TAKE IT TO THE BRIDGE

If you know what wine you're serving, adjust the food accordingly. With a peppery shiraz, add black pepper to your main dish, as a "bridge" ingredient. Herbs (woody rosemary with oaky tempranillo) and spices (cloves or anise with pinot blanc) are great bridge ingredients, as are fruits (berries with fruity merlot), nuts (toasted almonds with toasty chardonnay) and even fungi (mushrooms with earthy red Burgundy). "The best way to think about wine," said KaTrina Wentzel, co-owner of the Wine Thief store, "is not as a food but as a condiment. That makes pairing much easier."

WHEN IN DOUBT, THINK OLD (WORLD)

Wines from Europe tend to have more acidity and less alcohol than their New World counterparts -- think Chianti and Chablis -- making them more balanced and decidedly food-friendlier. "Europeans look at wine as food," said Karl Rigelman, wine guru at the Minikahda Club, "whereas Americans look at it as an alcoholic beverage. Prohibition did us a disservice that way." Europe also provides better regional pairings, in the "if it grows together, it goes together" vein. Great mates include ratatouille and Rhône reds, tomato sauces and Tuscan sangiovese, goat cheese and Vouvray from the Loire.

UNCONVENTIONAL THINKING (AND FLIP-FLOPPING)

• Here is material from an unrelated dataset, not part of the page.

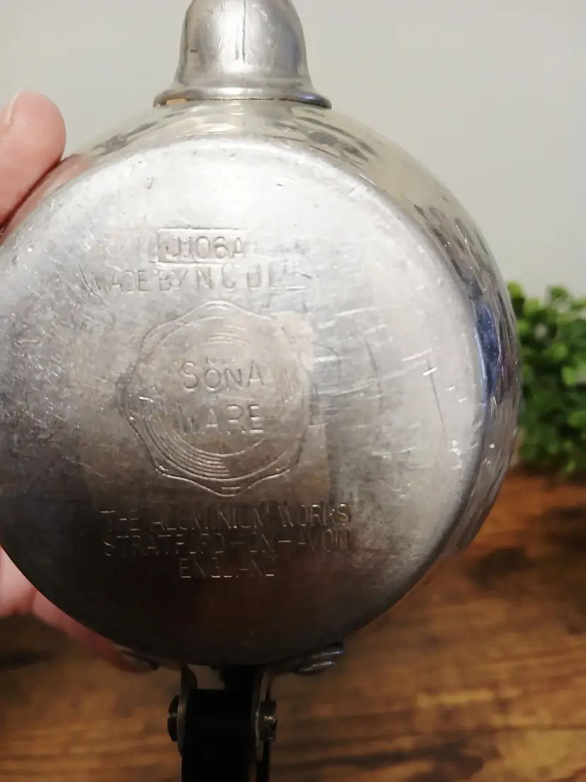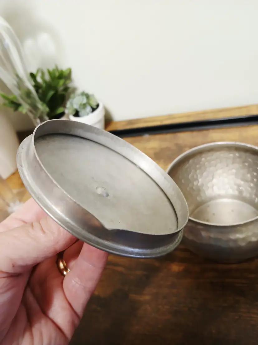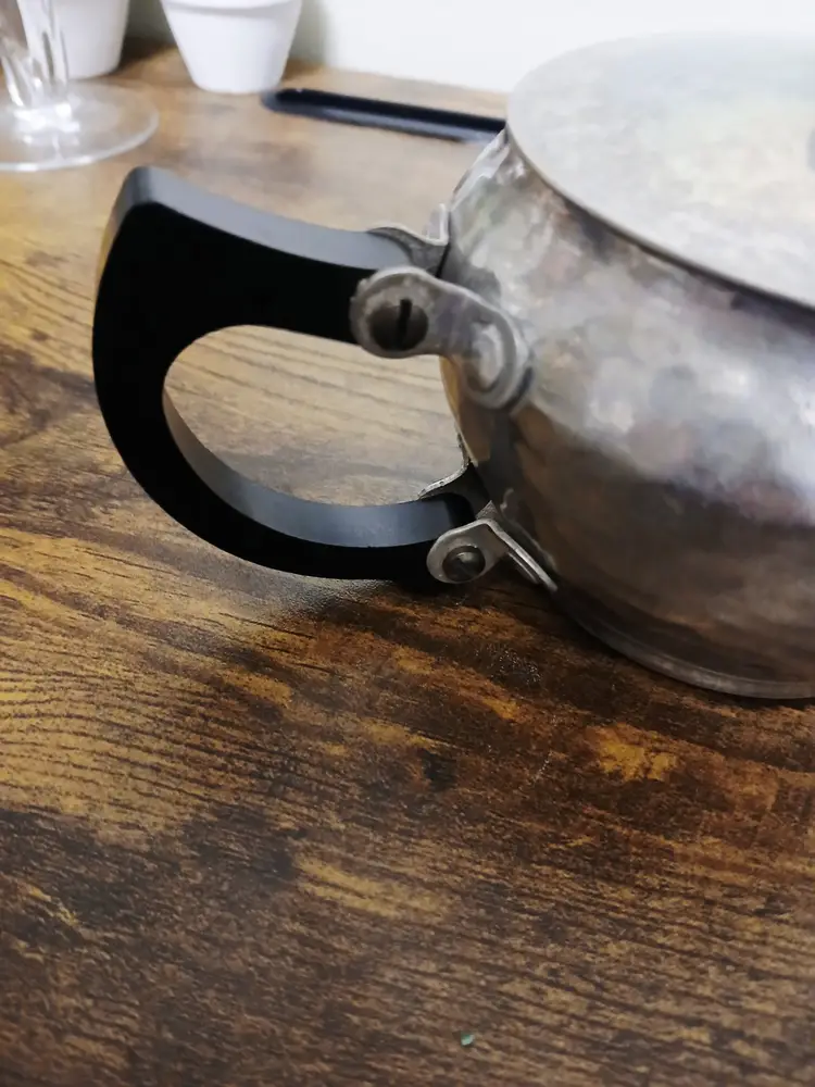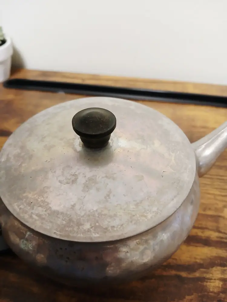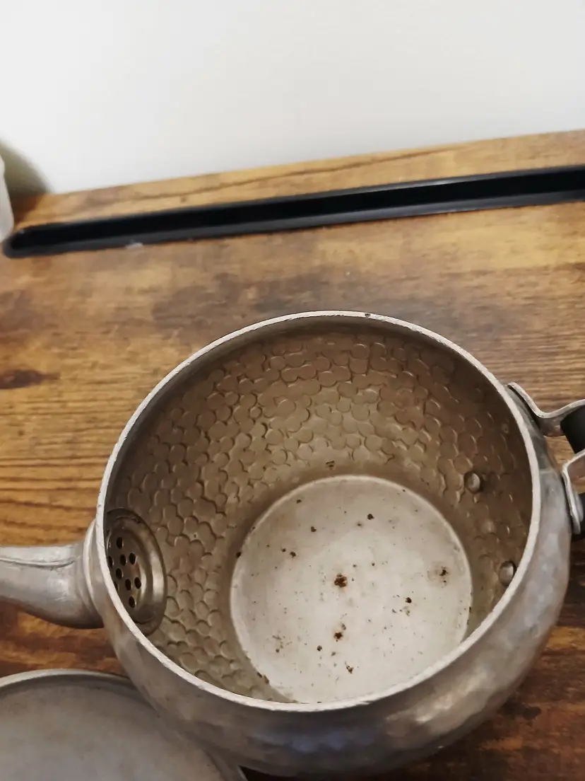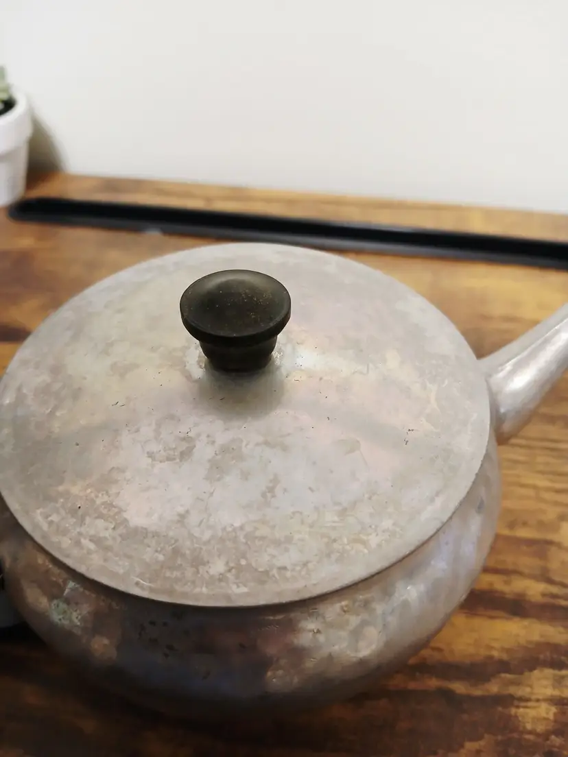 Brew your favorite tea with this charming vintage hammered metal teapot. Featuring a unique textured design and a sturdy black handle, it's perfect for adding a touch of retro elegance to your kitchen. Ideal for both display and use. Approximately 4 1/4" x 7 1/2× 3 3/4"

The big, extracted, high-alcohol wines that so many Americans favor are often better fits as "cocktail wines," as they can overpower food. "We vinify it to be consumed on its own rather than as part of a meal," said Rigelman. Conversely, a lot of wines that generally are consigned to aperitif status -- rosé, champagne, riesling -- can be wonderful, versatile food accompaniments. Dry sherries and most soups can be quite complementary. A bonus: These wines' acidity stimulates the appetite -- it's a mucus thing, so the less said about that, the better.

WHATEVER YOU LIKE

Be brave, courageous and bold. "Don't be intimidated," said Rigelman. "The days of the condescending dude in the corduroy sport coat with patches on his sleeve are gone." Palates vary. I recently had one wine expert tell me that she tastes lemon in every white wine, and another savant say that he gets peach in every white. Experiment, and don't be afraid to fail. Remember that there are few perfect pairings. If you (and your guests) are having food that you like and wine that you like, how bad an overall experience can it be?